3.12

The University of Waikato

Skip to 0 minutes and 11 secondsWe left off last lesson looking at an itemset with 3 items and a support of 4, which means that there are 4 instances in the dataset for which those conditions are true. This itemset can be massaged into 7 possible rules by choosing different things on the left- and right-hand side. I said that the strategy of Apriori is to specify the minimum confidence level, and then iteratively reduce the support until enough rules are found with greater than this confidence. These rules have got support 4 and confidence values ranging from 100%, 4/4, to whatever 4/14 is. For the weather data, Apriori will first generate itemsets with support 14. There aren’t any of those.

Skip to 1 minute and 0 secondsIf there were, it would find rules in them with greater than the minimum confidence level; the default for Weka is 90% confidence level. Since there weren’t any itemsets with support 14, it would decrease the support to 13 and carry on decreasing it until it had found sufficient rules to satisfy the specified number of rules. Actually, the weather data has 336 rules with confidence of 100%. The reason why it works in this slightly crazy way is that if you started looking at high confidence rules, then you’d find huge numbers of very low support, very high confidence rules. From a large dataset, you’d have massive numbers of 100% confidence rules that weren’t very interesting because they had tiny support.

Skip to 1 minute and 46 secondsThat’s why it does this. Let’s go over to Weka. I’ve opened the weather data, the 14-instance weather data. I’m going to go to Associate and run Apriori, that’s the default association rule learner. This is the output I get.
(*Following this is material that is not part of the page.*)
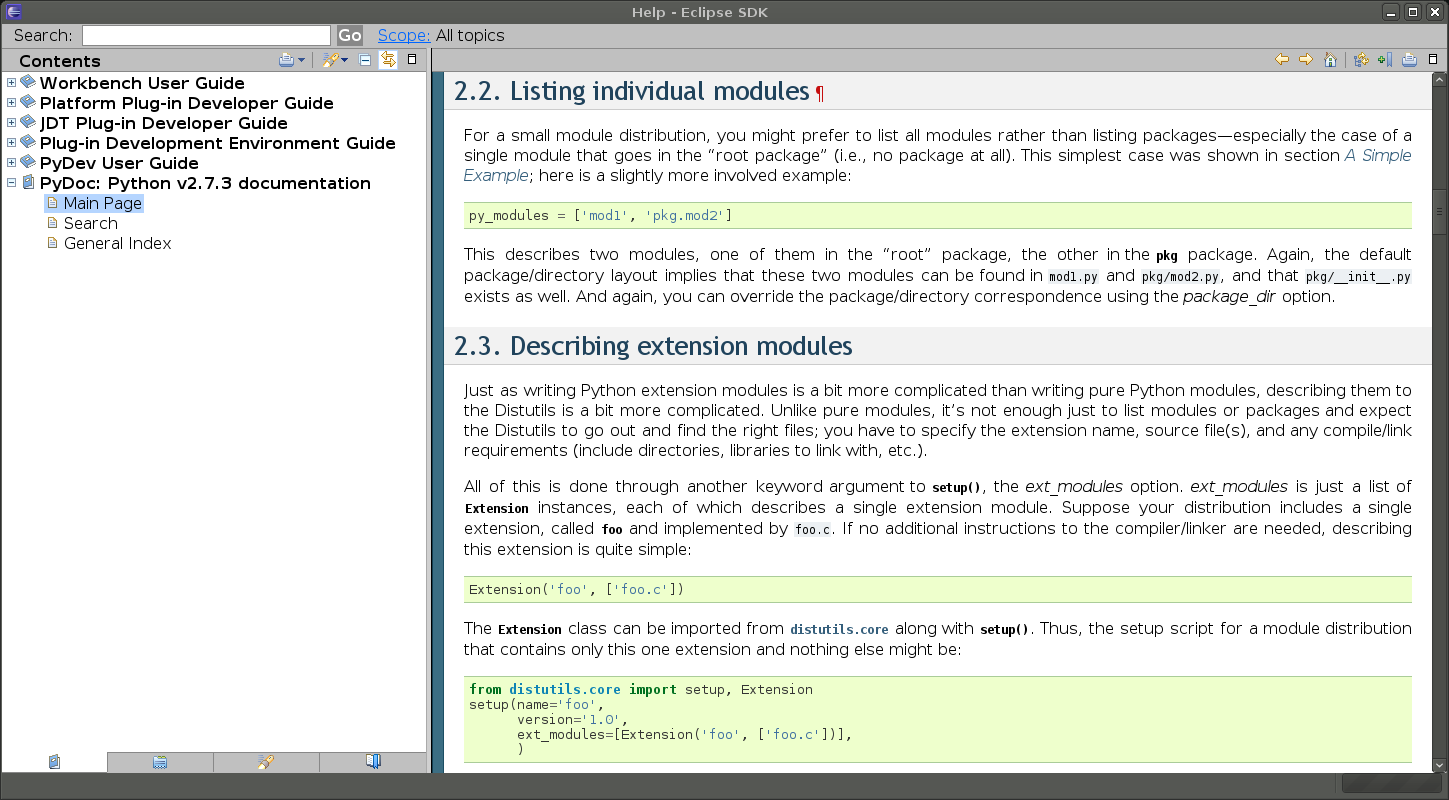 PyDoc is a simple and convenient plugin. It saves time to Python developers using Eclipse SDK and PyDev without any need to switch between development environment and documentation.

Skip to 2 minutes and 7 secondsHere are the 10 rules; the default number of rules is 10. You can see this is the support of these rules, and it ranges from 4 down to 3 down to 2. These last 2 rules only have 2 instances in the dataset that satisfy those rules. The rules are all 100% confident. Let’s go back to the slide here. We specify the minimum confidence level; the default is 90%. We specify how many rules we want; the default is 10. We express the support as the proportion of the number of instances. Then we run the Apriori algorithm several times. We start at 100% support, and decrease it by 5% each time.
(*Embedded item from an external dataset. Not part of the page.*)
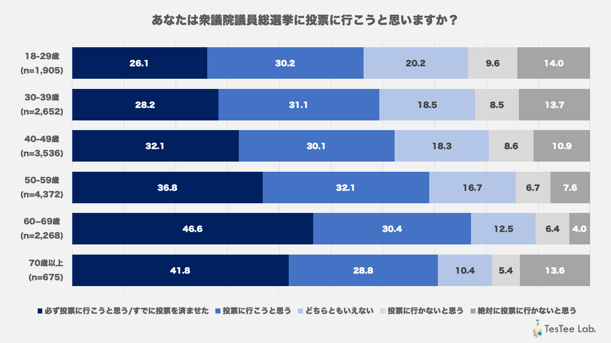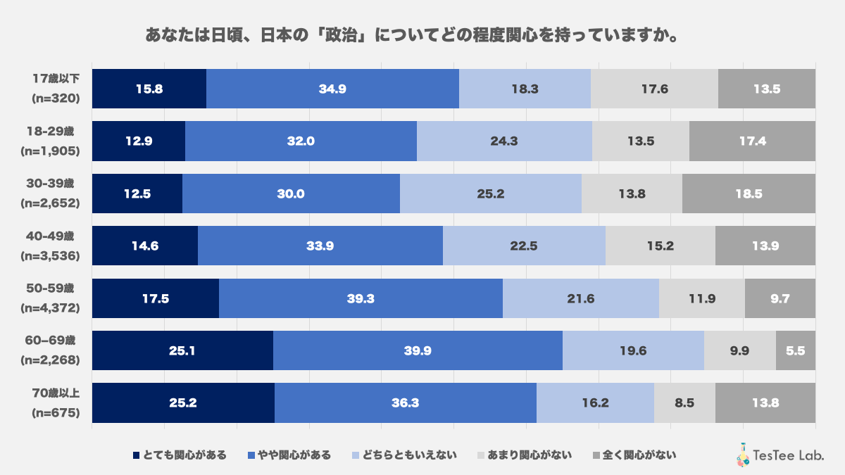 若年層リサーチ結果を発信する「TesTee Lab」にて、来る衆議院議員総選挙を前に、年代別の政治への関心や政策への期待度、選挙への参加意向に関する調査結果をご紹介します。

Skip to 2 minutes and 53 secondsWe stop when we get the right number of rules with more than the minimum confidence level, or we would stop when we reached another parameter, lowerBoundMinSupport. So there are quite a lot of parameters here. Let’s take a look at how this works for the weather data. On the output that I just showed you, it said that the minimum support of the top – it specifies the minimum support – is 0.15. 0.15 times 14 instances is 2 – 0.15 is the proportion of the total number of instances. The minimum confidence is 0.9; that was set as the default parameter. It actually performed 17 cycles, reducing the support each time.

Skip to 3 minutes and 37 secondsJust looking down at the bullet point underneath, the 17 cycles corresponded to having a support of 100%, and then it reduces by 5% each time – 95%, 90%, 85%, and so on. It actually got right down to 15%. When you translate those percentages into a number of instances, it was using 14 instances, 13 instances, then it did it again with 13 instances. It’s a little crazy on this tiny dataset – it’s doing a bit of extra work – but on a large dataset that wouldn’t happen. It got down to 3 instances at the 20% level, and it only found 8 rules with confidence greater than 90% and support 3.

Skip to 4 minutes and 17 secondsThat’s why it was forced to go down to a support of 2.

Skip to 4 minutes and 25 secondsWhat are these itemsets? Well, we can look at the itemsets. The itemsets are based on the final support values. Let’s go back to Weka and have a look at the itemsets. Here are the parameters for Apriori.

Skip to 4 minutes and 42 secondsAs I said before, there are quite a few of them. This is the amount by which the support is reduced each time, by 5%. This is when it stops, when it gets to a support of 10%. It’s looking for rules with a confidence greater than 90%. It’s looking for 10 rules. It’s starting as a support of 100%, which is normally what one does. Here we can output the itemsets, so let’s output the itemsets, and run it again. We’ve got the same rules, and here are the itemsets. These are the itemsets with support of at least 2. The way it works is it starts with itemsets with just 1 item, and these are the support for each of these itemsets.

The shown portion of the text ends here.